To start, I would like to highlight that the proceedings are in a very nice format – that makes them accessible to everyone. The organisers compiled the papers in a website, together with a short summary of the papers and a link to the code. I encourage everyone to take a look into the proceedings website, because it is a very nice way to navigate the scientific program of the conference.
[Disclaimer: the summaries I attach below, are copy-pasted from the proceedings]
This is my top-10 list of ISMIR papers, with twelve entries:
- Zero-shot Learning for Audio-based Music Classification and Tagging
- ISMIR summary: “Investigated the paradigm of zero-shot learning applied to music domain. Organized 2 side information setups for music calssification task. Proposed a data split scheme and associated evaluation settings for the multi-label zero-shot learning.”
- Deep Unsupervised Drum Transcription
- ISMIR summary: “DrummerNet is a drum transcriber trained in an unsupervised fashion. DrummerNet learns to transcribe by learning to reconstruct the audio with the transcription estimate. Unsupervised learning + a large dataset allow DrummerNet to be less-biased.”
- Multi-Task Learning of Tempo and Beat: Learning One to Improve the Other
- ISMIR summary: “Multi-task learning helps to improve beat tracking accuracy if additional tempo information is used.”
- Adversarial Learning for Improved Onsets and Frames Music Transcription
- ISMIR summary: “Piano roll prediction in music transcription can be improved by appending an additional loss incurred by an adversarial discriminator.”
- Learning Complex Basis Functions for Invariant Representations of Audio
- ISMIR summary: “The “Complex Autoencoder” learns features invariant to transposition and time-shift of audio in CQT representation. The features are competitive in a repeated section discovery, and in an audio-to-score alignment task.”
- Best paper award!
- A Holistic Approach to Polyphonic Music Transcription with Neural Networks
- ISMIR summary: “A neural network architecture is trained in an end-to-end manner to transcribe music scores in humdrum format from polyphonic audio files.”

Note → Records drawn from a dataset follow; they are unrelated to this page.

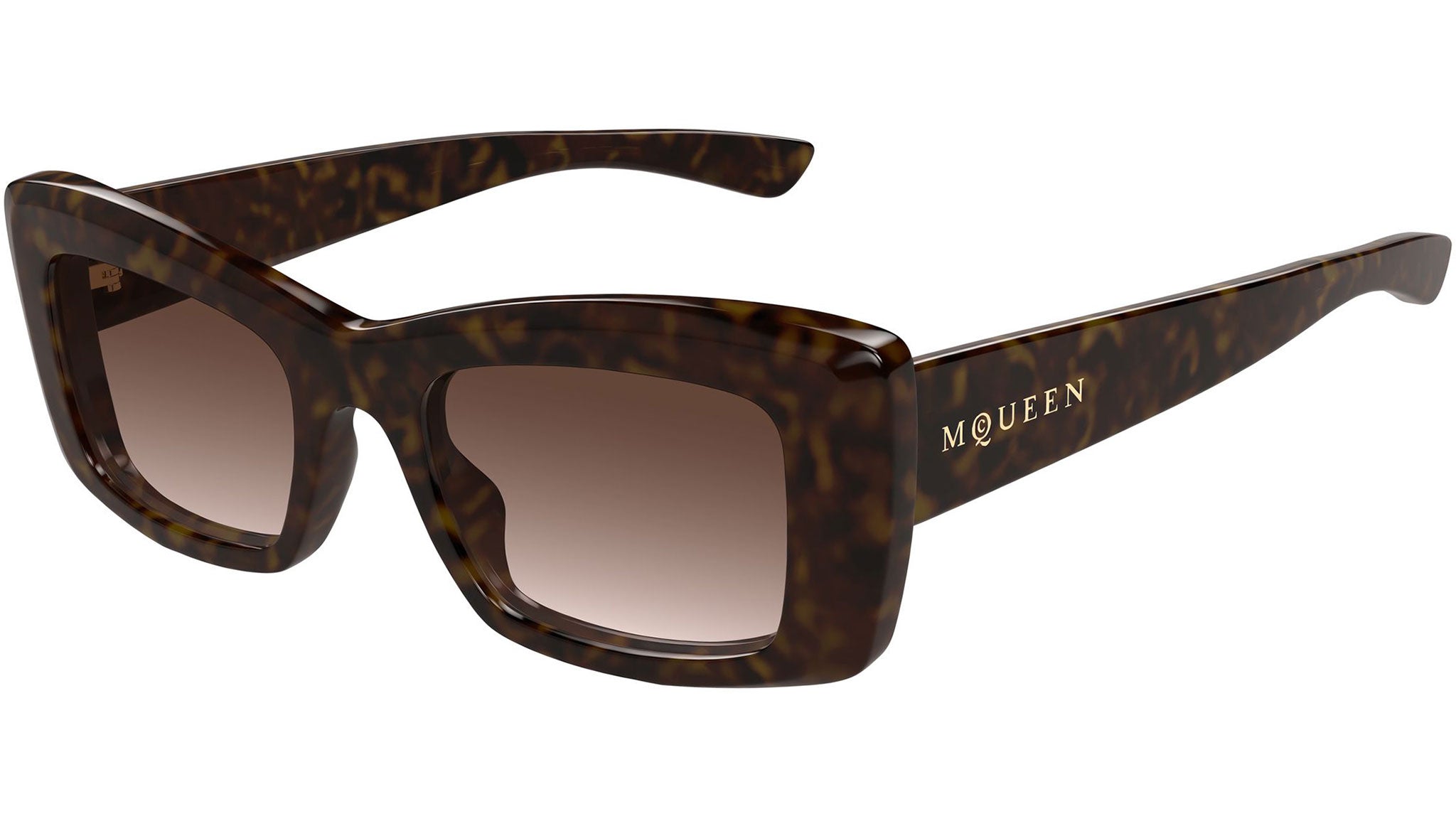 Occhiali da sole Alexander McQueen Logo modello AM0526S in acetato riciclato rettangolari codice colore 002 avana scuro lucido con aste avana e lenti color marrone sfumato. Rivenditore autorizzato Alexander McQueen online. Gli occhiali vengono consegnati con custodia e accessori originali e sono coperti dalla garanzia ufficiale di 12 mesi del produttore.
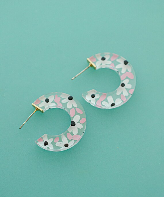Pink Flower Hoops Hand Painted Hoops Colorful Hoop Earrings Etsy Uk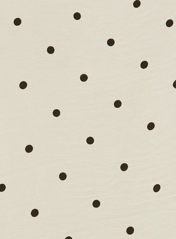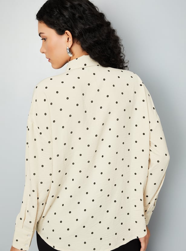This polka dot printed shirt features a spread collar and long sleeves, giving it a timeless and chic appeal. Its curved hem offers a flattering fit, making it a stylish choice for both formal occasions. Ideal for adding a playful yet sophisticated touch to your wardrobe.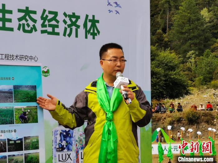 圖為西藏高原草業(yè)工程技術研究中心武俊喜博士回顧“力士·綠哈達行動”植草歷程。 張偉 攝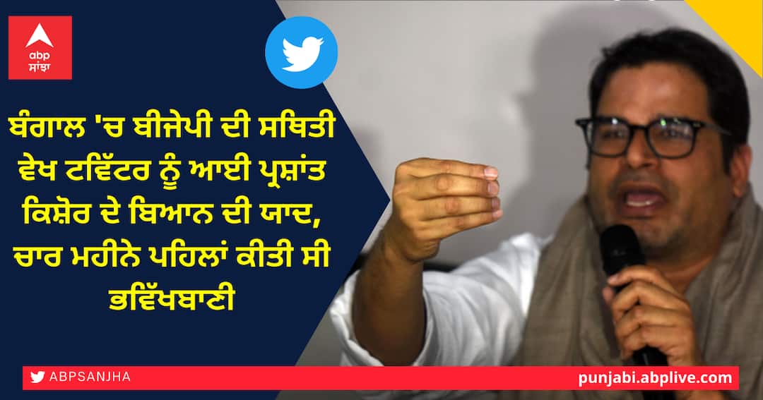ਚਾਰ ਮਹੀਨੇ ਪਹਿਲਾਂ, ਮਮਤਾ ਬੈਨਰਜੀ ਦਾ ਬੰਗਾਲ ਚੋਣ ਲਈ ਆਪਣੀ ਮੁਹਿੰਮ ਦਾ ਖਰੜਾ ਤਿਆਰ ਕਰਨ ਵਾਲੇ ਪ੍ਰਸ਼ਾਂਤ ਕਿਸ਼ੋਰ ਨੇ ਕਿਹਾ ਸੀ ਕਿ ਭਾਜਪਾ 294 ਮੈਂਬਰੀ ਵਿਧਾਨ ਸਭਾ ਵਿੱਚ “ਦੋਹਰੇ ਅੰਕ ਪਾਰ ਕਰਨ ਲਈ ਸੰਘਰਸ਼ ਕਰੇਗੀ” ਅਤੇ ਸਹੁੰ ਚੁਕੀ ਕਿ ਜੇ ਭਾਜਪਾ ਉਸ ਦੀ ਭਵਿੱਖਵਾਣੀ ਤੋਂ ਬਿਹਤਰ ਕੰਮ ਕਰਦੀ ਹੈ ਤਾਂ ਉਹ ਟਵਿੱਟਰ ਛੱਡ ਦੇਵੇਗਾ।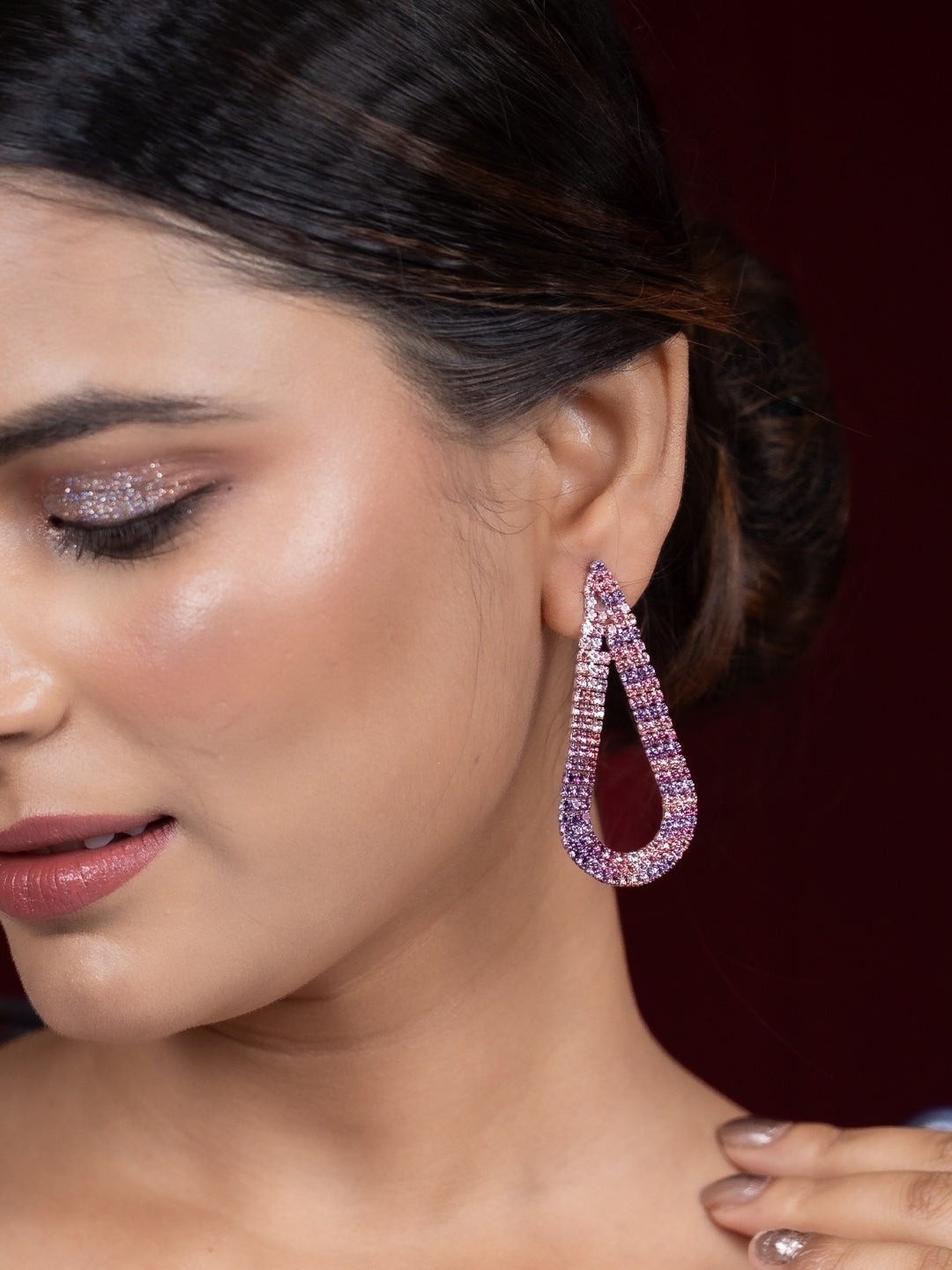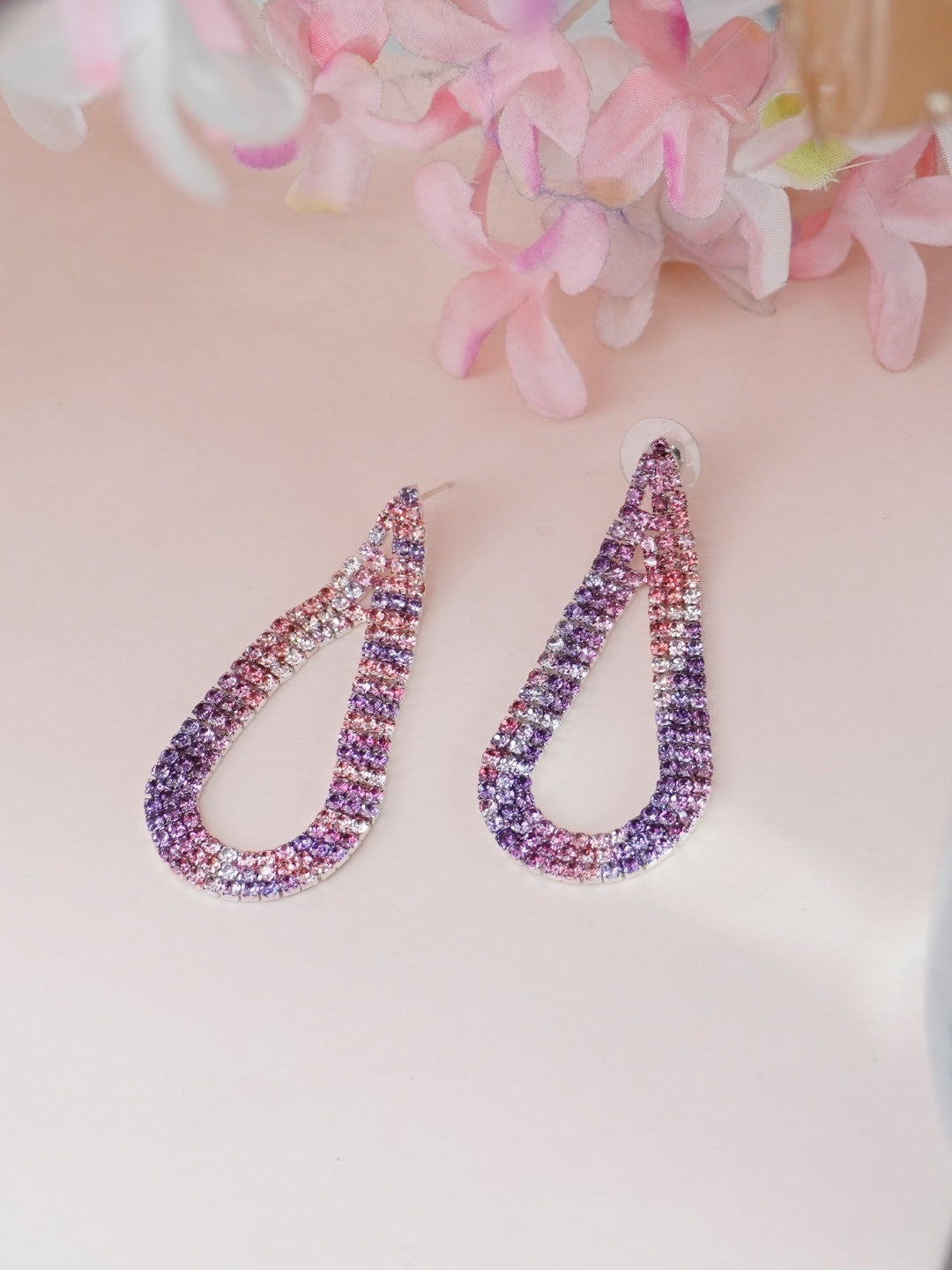 Make a statement with these multi-color water drop crystal dangler earrings. Designed to catch the light with every movement, these earrings feature radiant crystals in a stunning array of colors, arranged in a water drop shape for a graceful, elongated effect. The dangler design adds an element of elegance and fluidity, perfect for both casual and formal occasions.

- Learning Disentangled Representations of Timbre and Pitch for Musical Instrument Sounds Using Gaussian Mixture Variational Autoencoders
- ISMIR summary: “We disentangle pitch and timbre of musical instrument sounds by learning separate interpretable latent spaces using Gaussian mixture variational autoencoders. The model is verified by controllable sound synthesis and many-to-many timbre transfer.”
- Learning a Joint Embedding Space of Monophonic and Mixed Music Signals for Singing Voice
- ISMIR summary: “The paper introduces a new method of obtaining a consistent singing voice representation from both monophonic and mixed music signals. Also, it presents a simple music mashup pipeline to create a large synthetic singer dataset.”
- Towards Interpretable Polyphonic Transcription with Invertible Neural Networks
- ISMIR summary: “Invertible Neural Networks enable direct interpretability of the latent space.”
- VirtuosoNet: A Hierarchical RNN-based System for Modeling Expressive Piano Performance
- ISMIR summary: “We present an RNN-based model that reads MusicXML and generates human-like performance MIDI. The model employs a hierarchical approach by using attention network and an independent measure-level estimation module. We share our code and dataset.”
- Approachable Music Composition with Machine Learning at Scale
- ISMIR summary: “We show behind the scenes how the Bach Doodle works, the design, how we sped up the machine learning model Coconet to run in the browser. We are also releasing a dataset of 21.6 million melody and harmonization pairs, along with user ratings.”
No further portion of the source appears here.